How do you simplify (3+ isqrt2)/ (7-isqrt2)?

Jan 30, 2016

Multiplying denominator and numerator by the complex conjugate of the numerator, $\left(7 + i \sqrt{2}\right)$, shows that this expression can be simplified to: $\frac{21 + 10 i \sqrt{2} - 2}{51}$

Explanation:

The complex conjugate of a number $\left(a + b i\right)$ is $\left(a - b i\right)$, and multiplying top (denominator) and bottom (numerator) of a complex fraction by the complex conjugate of the bottom (numerator) will simpifly it:

$\frac{3 + i \sqrt{2}}{7 - i \sqrt{2}} \cdot \frac{7 + i \sqrt{2}}{7 + i \sqrt{2}}$

Note that any number, including a complex number, divided by itself is 1, so in multiplying by $\frac{7 + i \sqrt{2}}{7 + i \sqrt{2}}$ we are in effect multiplying by 1, leaving the result unchanged.

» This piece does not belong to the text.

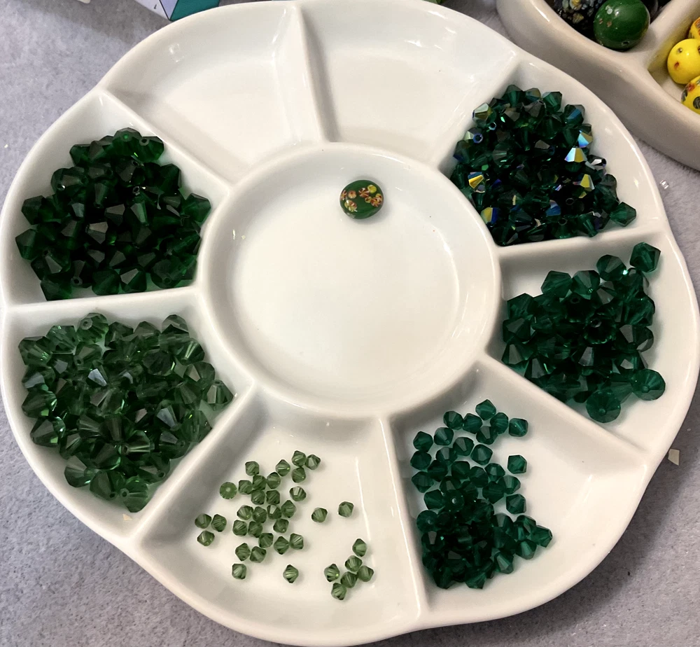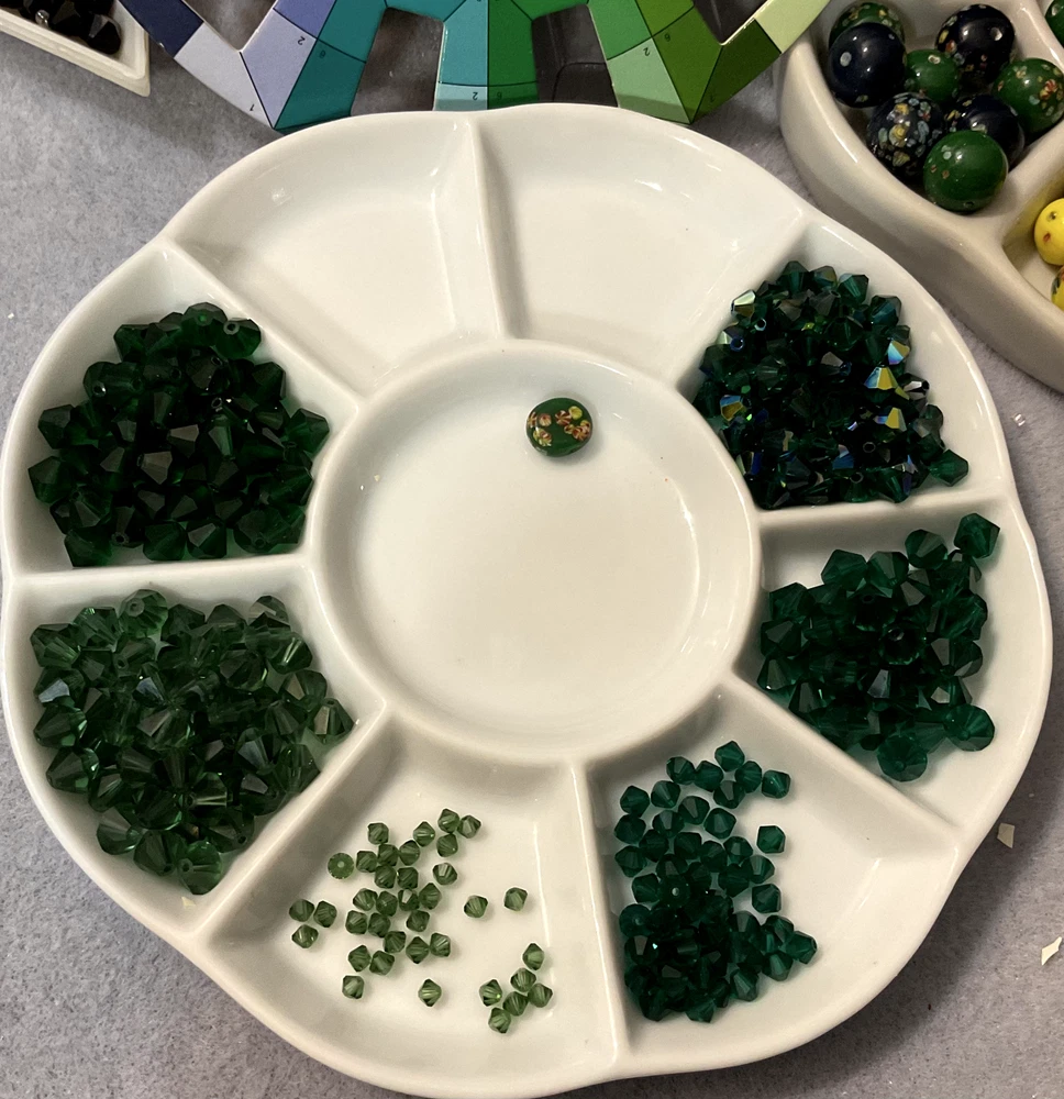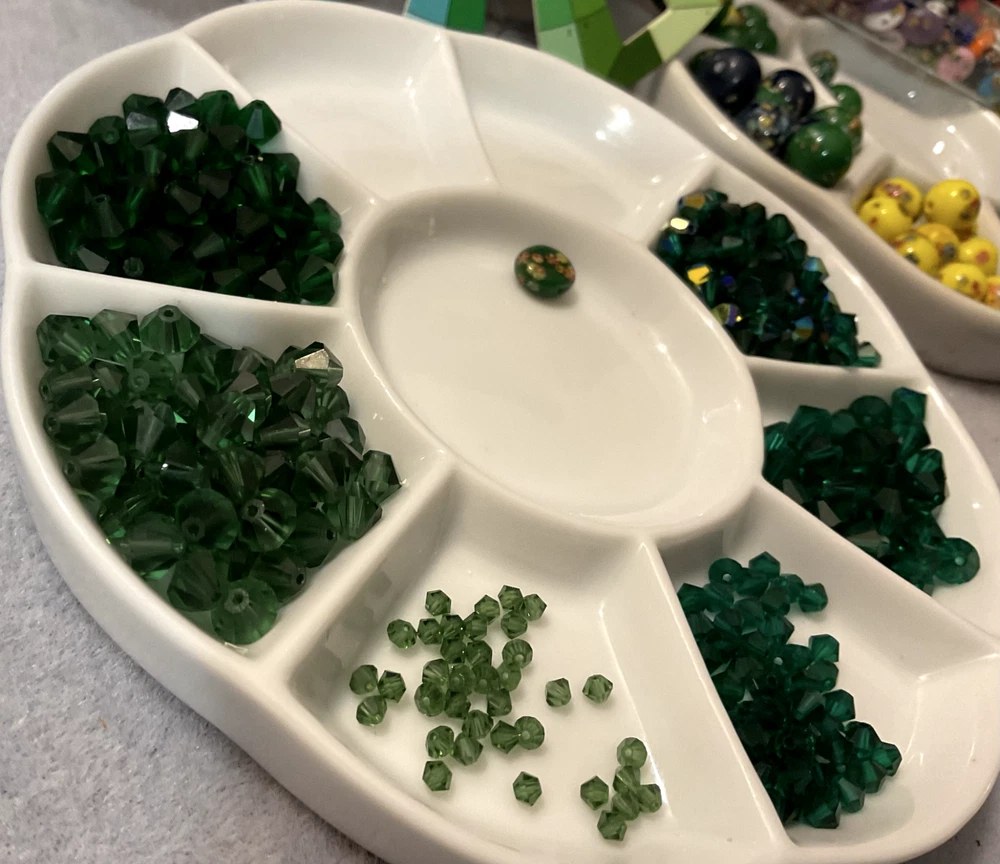 Vintage Swarovski Bead Lots inspire your unique creations to stand out while offering the air of exclusivity your Bead Art Jewelry Designs desire. Swarovski 5301 Crystal Bead LOT Bicones in AB Emerald / Green 3mm 5301 Transparent Green, 6mm 5301 Transparent Green, 4mm 5301 Transparent Emerald Green, 6mm 5301 Transparent Medium Emerald Green , 6mm 5301 Transparent Emerald Green, 6mm 5301 Transparent AB Emerald Green Additionally, this bead lot comes in Various sizes of Flip-Top Tube bead storage containers. My Swarovski Crystal & Czech Glass Bead Lot Collections offer significant savings, featuring various beads and crystal sizes in one bead lot, with postage savings alone - as postage continues its meteoric rise - savings that you can put towards ordering the best in quality beads and beading supplies for your Bead Art Jewelry Designs. Bead Lot includes what's listed/pictured and Flip Top Tube packaging: 3mm 5301 Transparent Green 6mm 5301 Transparent Green 4mm 5301 Transparent Emerald Green 6mm 5301 Transparent Medium Emerald Green 6mm 5301 Transparent Emerald Green 6mm 5301 Transparent AB Emerald Green All of my Swarovski listings are Vintage or Circa (manufactured before or around) 1998 - 2003.. As most jewelry designers, bead artists, and crafters know, Swarovski no longer just sells to smaller, unauthorized, contract-bound resellers. With all that being said, and although there are others with limited offerings of Swarovski Crystal Beads, Bicones & Pendants, we all know that, unless an authorized reseller, what being offered is it. NOTE : Even authorized resellers will not have many of the colors, sizes, and finishes as the latest Swarovski Crystal Designs have changed considerably. There are some amazing Crystals bead manufactures which my wholesaler and certified Swarovski dealer highly recommend; these brands are more than comparable replacements for anything Swarovski.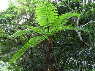 とりあえず狙いのエリアに到着し、ヒカゲヘゴ(右)なんぞ見ながら歩き始めることに。

Note: $i \cdot i = - 1$ and $\sqrt{2} \cdot \sqrt{2} = 2$

$\frac{3 + i \sqrt{2}}{7 - i \sqrt{2}} \cdot \frac{7 + i \sqrt{2}}{7 + i \sqrt{2}}$ = $\frac{21 + 3 i \sqrt{2} + 7 i \sqrt{2} - 2}{49 + 7 i \sqrt{2} - 7 i \sqrt{2} + 2}$
= $\frac{21 + 10 i \sqrt{2} - 2}{49 + 2} = \frac{21 + 10 i \sqrt{2} - 2}{51}$